I've skimmed the article (free online).
Assuming the findings are confirmed in other studies (I suspect they will be), this is bad news.
Set-up
- Subjects had the same IQ: 126.
- They were put in small groups of 5 and introduced to each other.
- They took an IQ test with no feedback as to how they did.
- Then they took a second computer-administered IQ test.
- After each question, they were told whether they got the answer right or wrong.
- At the same time, they were also given their rank inside the group (rank determined by each person's # of correct answers).
- They were also given their rank vis a vis 1 particular member of the group, chosen "pseudorandomly."
- 2 people had brain scans during the test-with-feedback condition.
- Everyone did worse in the beginning. Across the board. Everyone. Everyone did worse than his/her measured ability.
- As the test went on, some people recovered. Their performance went back up to the level predicted by their IQ scores.
- The others never improved. They started low, and they stayed low.
- Females were more likely to start low and stay low than males.
- For high performers, brain scans showed activity in the amygdala (likely fear), decreasing over time. (That is, they were likely feeling less fear, perhaps growing more confident.)
- For high performers, activity in the lateral PFC increases over time. Activity in lateral PFC is associated with IQ tasks, with working memory tasks, and with increased task difficulty.

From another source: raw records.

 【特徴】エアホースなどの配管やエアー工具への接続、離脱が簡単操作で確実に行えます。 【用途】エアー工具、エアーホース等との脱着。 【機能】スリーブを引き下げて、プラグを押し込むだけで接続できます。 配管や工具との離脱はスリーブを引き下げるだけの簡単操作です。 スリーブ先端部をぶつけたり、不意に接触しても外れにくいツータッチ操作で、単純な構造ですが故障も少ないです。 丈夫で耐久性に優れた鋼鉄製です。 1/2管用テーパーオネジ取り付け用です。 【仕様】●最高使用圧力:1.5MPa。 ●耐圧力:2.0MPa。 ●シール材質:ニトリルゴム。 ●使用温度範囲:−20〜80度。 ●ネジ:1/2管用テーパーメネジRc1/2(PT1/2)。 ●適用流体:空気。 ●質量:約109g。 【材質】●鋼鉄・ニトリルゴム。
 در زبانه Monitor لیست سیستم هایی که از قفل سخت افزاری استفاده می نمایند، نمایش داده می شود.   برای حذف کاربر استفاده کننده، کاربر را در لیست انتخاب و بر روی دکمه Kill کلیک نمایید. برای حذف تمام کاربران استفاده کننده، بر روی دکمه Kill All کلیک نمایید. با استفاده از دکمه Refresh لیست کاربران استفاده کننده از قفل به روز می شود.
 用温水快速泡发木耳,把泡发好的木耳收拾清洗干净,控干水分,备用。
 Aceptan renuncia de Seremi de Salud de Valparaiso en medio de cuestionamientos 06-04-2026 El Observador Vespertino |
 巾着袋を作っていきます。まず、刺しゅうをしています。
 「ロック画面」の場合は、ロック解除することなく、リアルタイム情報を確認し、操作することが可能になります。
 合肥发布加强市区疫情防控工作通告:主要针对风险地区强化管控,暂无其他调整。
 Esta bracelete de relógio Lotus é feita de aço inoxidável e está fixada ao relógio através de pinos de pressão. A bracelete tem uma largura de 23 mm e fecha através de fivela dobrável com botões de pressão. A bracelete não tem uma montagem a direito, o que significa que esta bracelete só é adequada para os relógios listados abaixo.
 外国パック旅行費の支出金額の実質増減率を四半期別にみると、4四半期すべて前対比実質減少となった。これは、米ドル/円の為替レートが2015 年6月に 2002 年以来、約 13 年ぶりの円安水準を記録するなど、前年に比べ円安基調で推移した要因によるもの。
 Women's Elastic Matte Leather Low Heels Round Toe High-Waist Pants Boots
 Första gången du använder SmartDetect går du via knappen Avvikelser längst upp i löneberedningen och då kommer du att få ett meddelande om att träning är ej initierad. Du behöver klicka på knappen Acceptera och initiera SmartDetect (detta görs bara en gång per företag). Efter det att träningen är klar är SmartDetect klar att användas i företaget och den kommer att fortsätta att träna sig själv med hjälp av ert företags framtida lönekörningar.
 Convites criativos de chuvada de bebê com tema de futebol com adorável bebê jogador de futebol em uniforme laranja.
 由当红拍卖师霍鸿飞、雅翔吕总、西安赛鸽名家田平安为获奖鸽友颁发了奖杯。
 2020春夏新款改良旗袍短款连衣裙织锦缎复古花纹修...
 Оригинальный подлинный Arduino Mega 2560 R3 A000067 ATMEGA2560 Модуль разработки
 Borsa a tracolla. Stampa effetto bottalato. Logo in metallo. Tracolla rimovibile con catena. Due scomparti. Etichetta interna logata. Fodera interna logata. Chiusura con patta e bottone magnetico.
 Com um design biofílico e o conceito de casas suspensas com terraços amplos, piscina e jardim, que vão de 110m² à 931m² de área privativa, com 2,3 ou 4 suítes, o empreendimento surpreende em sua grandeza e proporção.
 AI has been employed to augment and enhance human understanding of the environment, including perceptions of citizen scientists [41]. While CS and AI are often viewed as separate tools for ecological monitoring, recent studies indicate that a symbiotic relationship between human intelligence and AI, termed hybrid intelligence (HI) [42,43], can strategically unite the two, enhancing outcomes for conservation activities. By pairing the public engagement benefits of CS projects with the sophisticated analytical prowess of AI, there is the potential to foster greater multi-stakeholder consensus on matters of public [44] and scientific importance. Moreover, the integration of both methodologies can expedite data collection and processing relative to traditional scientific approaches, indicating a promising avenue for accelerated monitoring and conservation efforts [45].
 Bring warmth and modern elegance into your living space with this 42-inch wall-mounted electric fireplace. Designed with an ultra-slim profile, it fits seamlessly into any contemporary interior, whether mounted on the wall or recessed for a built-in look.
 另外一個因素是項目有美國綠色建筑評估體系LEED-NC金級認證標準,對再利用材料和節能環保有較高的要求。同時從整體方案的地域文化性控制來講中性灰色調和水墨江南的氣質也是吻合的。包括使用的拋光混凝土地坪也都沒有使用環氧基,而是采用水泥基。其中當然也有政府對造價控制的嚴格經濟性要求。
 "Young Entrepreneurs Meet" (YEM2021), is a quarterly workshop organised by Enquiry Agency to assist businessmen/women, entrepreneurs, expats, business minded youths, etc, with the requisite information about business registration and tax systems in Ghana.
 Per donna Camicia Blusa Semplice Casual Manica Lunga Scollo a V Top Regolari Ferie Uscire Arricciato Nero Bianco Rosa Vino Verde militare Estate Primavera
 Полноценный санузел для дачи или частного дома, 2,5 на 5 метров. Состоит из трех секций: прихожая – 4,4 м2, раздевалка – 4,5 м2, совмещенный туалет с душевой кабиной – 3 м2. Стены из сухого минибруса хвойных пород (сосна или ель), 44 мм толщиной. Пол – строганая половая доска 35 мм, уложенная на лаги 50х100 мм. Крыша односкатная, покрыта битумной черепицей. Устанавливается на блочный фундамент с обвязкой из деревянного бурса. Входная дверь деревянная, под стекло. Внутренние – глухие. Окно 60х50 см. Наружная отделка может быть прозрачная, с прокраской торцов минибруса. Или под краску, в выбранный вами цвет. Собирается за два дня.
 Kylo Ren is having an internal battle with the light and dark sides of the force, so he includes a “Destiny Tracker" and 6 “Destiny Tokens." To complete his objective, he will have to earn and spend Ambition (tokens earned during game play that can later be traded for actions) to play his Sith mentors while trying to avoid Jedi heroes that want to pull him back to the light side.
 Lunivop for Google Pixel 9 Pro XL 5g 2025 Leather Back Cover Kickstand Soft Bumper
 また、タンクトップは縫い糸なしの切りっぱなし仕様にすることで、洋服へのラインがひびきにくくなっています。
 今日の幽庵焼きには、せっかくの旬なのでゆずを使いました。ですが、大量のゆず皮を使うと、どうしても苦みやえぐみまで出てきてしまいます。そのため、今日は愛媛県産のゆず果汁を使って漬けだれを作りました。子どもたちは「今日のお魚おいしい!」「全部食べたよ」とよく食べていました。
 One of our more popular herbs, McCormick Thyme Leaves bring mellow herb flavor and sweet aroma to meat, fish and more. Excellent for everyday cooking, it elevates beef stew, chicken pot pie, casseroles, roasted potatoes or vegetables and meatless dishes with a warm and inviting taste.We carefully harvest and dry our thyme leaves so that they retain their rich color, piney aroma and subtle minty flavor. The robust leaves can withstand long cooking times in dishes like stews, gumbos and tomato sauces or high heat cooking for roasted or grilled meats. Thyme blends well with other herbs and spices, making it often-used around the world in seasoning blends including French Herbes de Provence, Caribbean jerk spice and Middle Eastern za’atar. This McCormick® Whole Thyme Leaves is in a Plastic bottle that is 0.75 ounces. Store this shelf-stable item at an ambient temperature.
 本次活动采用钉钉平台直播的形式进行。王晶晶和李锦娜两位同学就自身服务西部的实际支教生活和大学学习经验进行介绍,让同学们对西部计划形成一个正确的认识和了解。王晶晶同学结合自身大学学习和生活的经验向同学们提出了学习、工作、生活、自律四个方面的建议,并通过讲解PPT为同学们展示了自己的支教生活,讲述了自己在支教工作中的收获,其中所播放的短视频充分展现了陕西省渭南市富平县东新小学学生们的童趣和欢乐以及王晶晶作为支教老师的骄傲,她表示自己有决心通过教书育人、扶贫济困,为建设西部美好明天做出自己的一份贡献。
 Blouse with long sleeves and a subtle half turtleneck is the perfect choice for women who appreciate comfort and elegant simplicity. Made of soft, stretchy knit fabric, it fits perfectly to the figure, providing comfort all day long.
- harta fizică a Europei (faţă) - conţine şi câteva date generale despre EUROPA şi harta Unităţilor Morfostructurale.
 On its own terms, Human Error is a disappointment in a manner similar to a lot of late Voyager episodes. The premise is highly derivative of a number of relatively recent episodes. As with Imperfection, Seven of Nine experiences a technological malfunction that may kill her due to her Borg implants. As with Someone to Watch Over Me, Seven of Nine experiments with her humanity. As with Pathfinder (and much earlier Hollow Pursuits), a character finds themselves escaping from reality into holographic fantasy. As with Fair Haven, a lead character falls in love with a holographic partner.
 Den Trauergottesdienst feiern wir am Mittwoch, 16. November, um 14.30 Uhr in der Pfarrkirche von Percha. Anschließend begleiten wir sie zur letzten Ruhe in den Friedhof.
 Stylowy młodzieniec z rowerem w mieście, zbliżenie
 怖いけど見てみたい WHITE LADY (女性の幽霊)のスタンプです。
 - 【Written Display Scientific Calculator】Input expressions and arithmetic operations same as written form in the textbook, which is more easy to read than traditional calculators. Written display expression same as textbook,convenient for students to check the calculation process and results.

Everyone's performance dropped at the outset.
Some people recovered, others didn't.
The people who recovered simply went back up to where they had been going in, before experimenters assigned them to a small group.
Questions
- How small is small? Would group of 20 students in whole class instruction show the same pattern? 25 students? 30?
- If so ... yikes.
- In the wake of this study, mixed-ability groups strike me as an even worse idea than I've thought in the past. Lower ability children in a mixed-ability group are going to be getting constant negative feedback about their status vis a vis the higher ability children. On the other hand, the study did not include a condition that manipulated feedback in this manner. That would be interesting.
- Assuming this study picked up on a personality difference (which we don't know, of course), what would happen if you grouped the 'nervous' kids together, putting the 'confident' kids in their own group? Would two groups still separate out in this way?
- Would same-sex groups change the results?
- What does this tell us about grades and grading?
The blue bar represents the low performers, the red bar high performers. All have the same measured IQ (126), and at the beginning of the study all are performing well below the level their IQ would predict. The higher performers then recover, and their performance increases to a "126" level. The the low performers do not recover, and their performance remains suppressed.
Implicit signals in small group settings and their impact on the expression of cognitive capacity and associated brain responses
1 comment:
On what basic do they assign people to the blue/red groups?